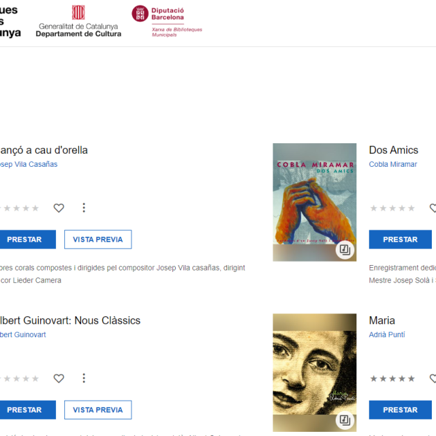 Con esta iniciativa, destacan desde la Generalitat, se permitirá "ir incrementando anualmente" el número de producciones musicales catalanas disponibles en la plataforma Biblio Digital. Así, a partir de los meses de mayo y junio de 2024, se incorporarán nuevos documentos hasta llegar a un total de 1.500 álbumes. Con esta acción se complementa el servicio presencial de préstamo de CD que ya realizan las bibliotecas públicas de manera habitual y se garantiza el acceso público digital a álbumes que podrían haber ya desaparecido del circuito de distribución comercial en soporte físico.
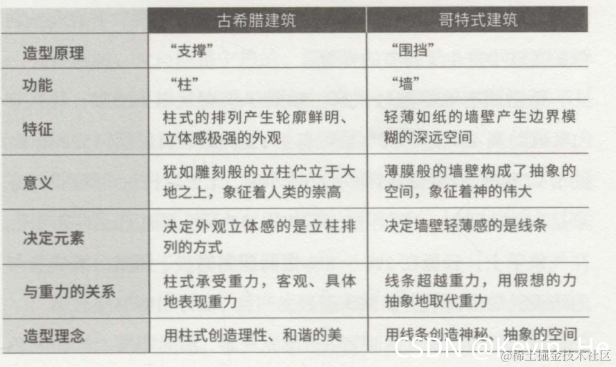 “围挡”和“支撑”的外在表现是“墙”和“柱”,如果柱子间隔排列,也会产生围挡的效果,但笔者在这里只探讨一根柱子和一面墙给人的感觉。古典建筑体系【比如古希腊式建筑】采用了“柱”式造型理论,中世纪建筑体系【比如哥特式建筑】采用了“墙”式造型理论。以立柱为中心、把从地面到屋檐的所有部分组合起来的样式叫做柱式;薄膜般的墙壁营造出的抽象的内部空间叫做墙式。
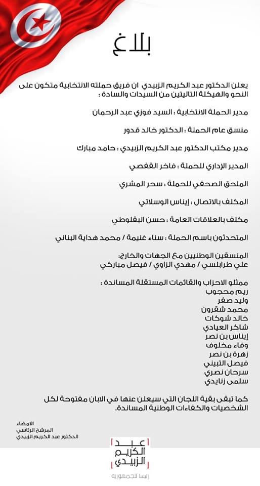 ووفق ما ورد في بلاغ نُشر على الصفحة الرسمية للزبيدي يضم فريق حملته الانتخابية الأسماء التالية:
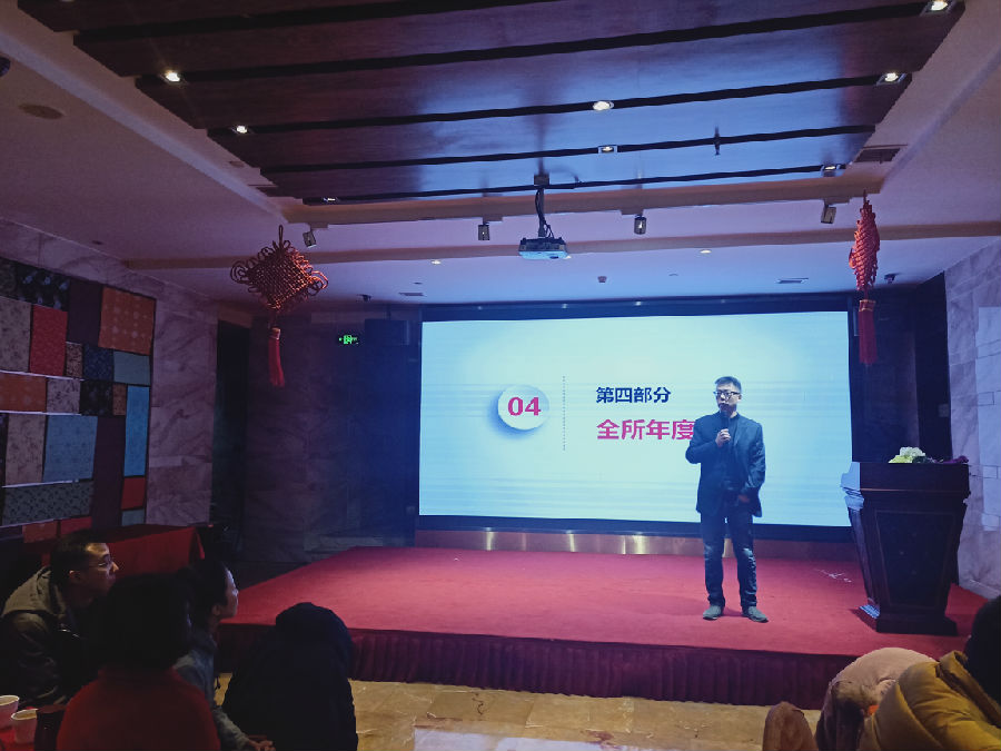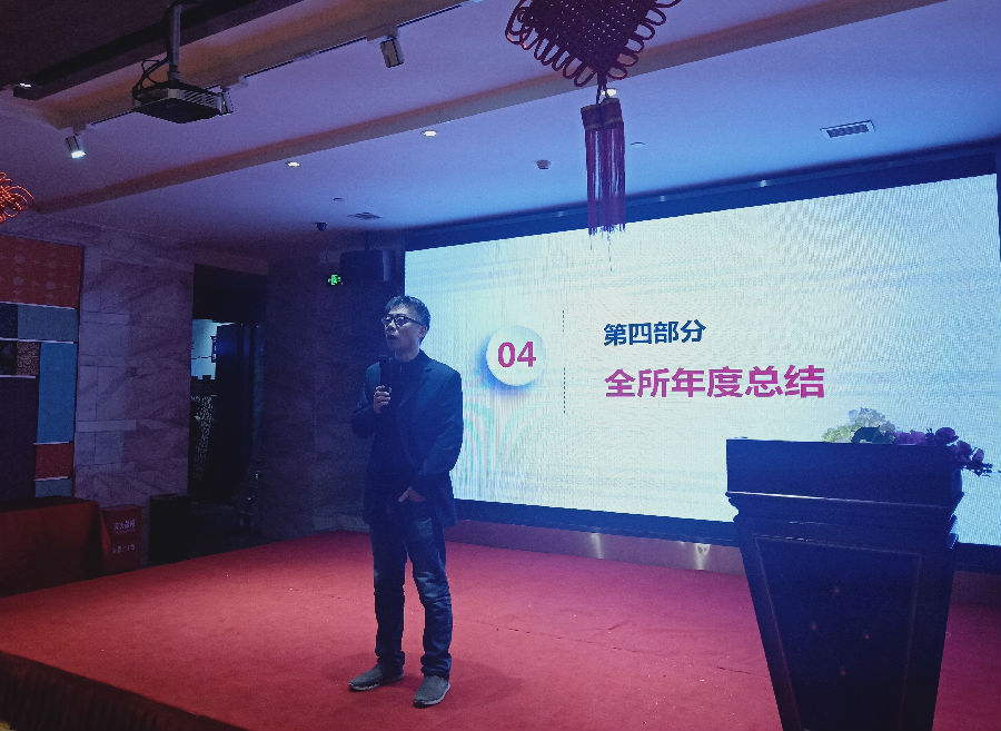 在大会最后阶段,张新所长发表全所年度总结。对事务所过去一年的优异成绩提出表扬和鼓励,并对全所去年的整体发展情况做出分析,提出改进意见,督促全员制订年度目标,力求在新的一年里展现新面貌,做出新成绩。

• _What you need to do_: The answer should consist only of the lines from the one with "ووفق ما ورد" through the last line of the material above, copied exactly, with no pictures.

• _Reply to the task_:
 ووفق ما ورد في بلاغ نُشر على الصفحة الرسمية للزبيدي يضم فريق حملته الانتخابية الأسماء التالية:
 在大会最后阶段,张新所长发表全所年度总结。对事务所过去一年的优异成绩提出表扬和鼓励,并对全所去年的整体发展情况做出分析,提出改进意见,督促全员制订年度目标,力求在新的一年里展现新面貌,做出新成绩。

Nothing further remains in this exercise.